The juxtaposition of a bull and a bear to describe capital markets is thought to have originated in the early 1700’s. Even though several stories exist, there is no definitive answer as to which, if any, is correct. The following is to help you sound well educated should this question come up at a future social engagement or in a passionate game of trivia.
The Bearskin Jobber
This is probably the most complicated and yet the most entertaining story of the three. It comes from a 16th century proverb that warns not “to sell the bear’s skin before one has caught the bear.” Much like the more modern day, “Don’t count your chickens before they hatch” or what I would tell my sons, “Don’t expect to pass the class if you don’t do the homework.”
The main character in this story is the bearskin jobber. I could be way off but I am envisioning a cross between Jerimiah Johnson and a used car salesman. The bearskin jobber was a middle man for the buying and selling of bearskins. His strategy was to sell skins that he did not yet own at a high price in hopes that, before he had to deliver the skins, he could buy them at a lower price.

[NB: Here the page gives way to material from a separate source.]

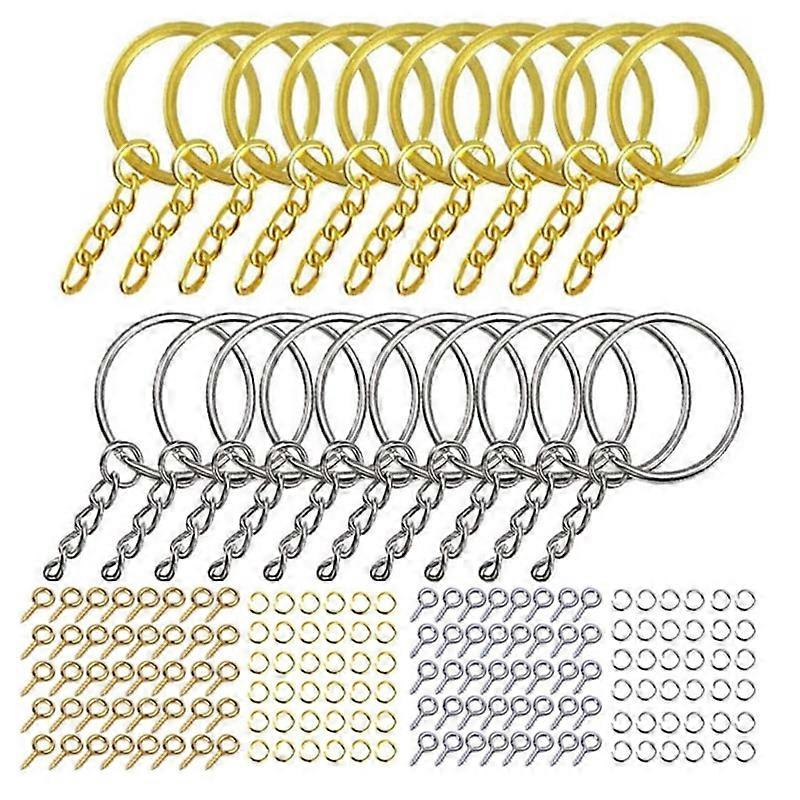 Key Ring with Chain Jump Rings Golden Silver Keychain Rings Screw Eye Pins Set

Fast forward about 200 years, investors were practicing “short selling” in which they sold stocks they did not actually own. Their hope, like that of the bearskin jobber’s of earlier days, was to make a profit by purchasing the stocks at a lower cost before having to deliver on the contract. Investors who were engaged in short selling were (once again) called bearskin jobbers and short selling was known as “selling the bearskin.” Because short sellers thrive in declining markets, these became known as a “bear’s market.”

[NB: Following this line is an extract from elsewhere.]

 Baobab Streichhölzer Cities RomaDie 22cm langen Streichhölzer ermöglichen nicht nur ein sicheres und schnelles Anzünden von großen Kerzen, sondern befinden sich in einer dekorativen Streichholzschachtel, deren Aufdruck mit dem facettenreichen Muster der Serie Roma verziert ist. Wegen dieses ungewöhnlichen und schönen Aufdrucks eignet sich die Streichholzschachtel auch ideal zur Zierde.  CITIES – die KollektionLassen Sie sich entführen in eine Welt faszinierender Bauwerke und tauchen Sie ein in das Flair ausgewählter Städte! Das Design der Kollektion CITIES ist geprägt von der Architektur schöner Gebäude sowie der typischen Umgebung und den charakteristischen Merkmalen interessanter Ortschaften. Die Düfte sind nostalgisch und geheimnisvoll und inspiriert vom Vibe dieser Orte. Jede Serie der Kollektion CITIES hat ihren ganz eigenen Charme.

Side note: From the 1500s to 1835, a popular form of entertainment in England was bear and bull baiting. A vile practice that often included a restrained bull or a restrained bear and a loose pack of dogs. It is thought that this is where the concept of bulls being contrasted to bears originated.
17th Century London Stock Exchange
The second story has its origins in the London Stock Exchange of the 17thcentury. During this time, a highly technical tool was used to facilitate the trading of stocks. It was a board. When there was a high demand for stocks, the board was full of bulletins, often called “bulls” for short. When there was little demand, the board was “bare.” Therefore, when the market is up it is call a bull market and when it is down a bear (bare) market.
The Animals in Action
The final story is probably the easiest to remember. It comes from the way each animal attacks its opponent. The bull drives its horned head up while the bear swipes its clawed paws down. Hence why a bull market is when markets trend up and a bear market is when the markets trend down.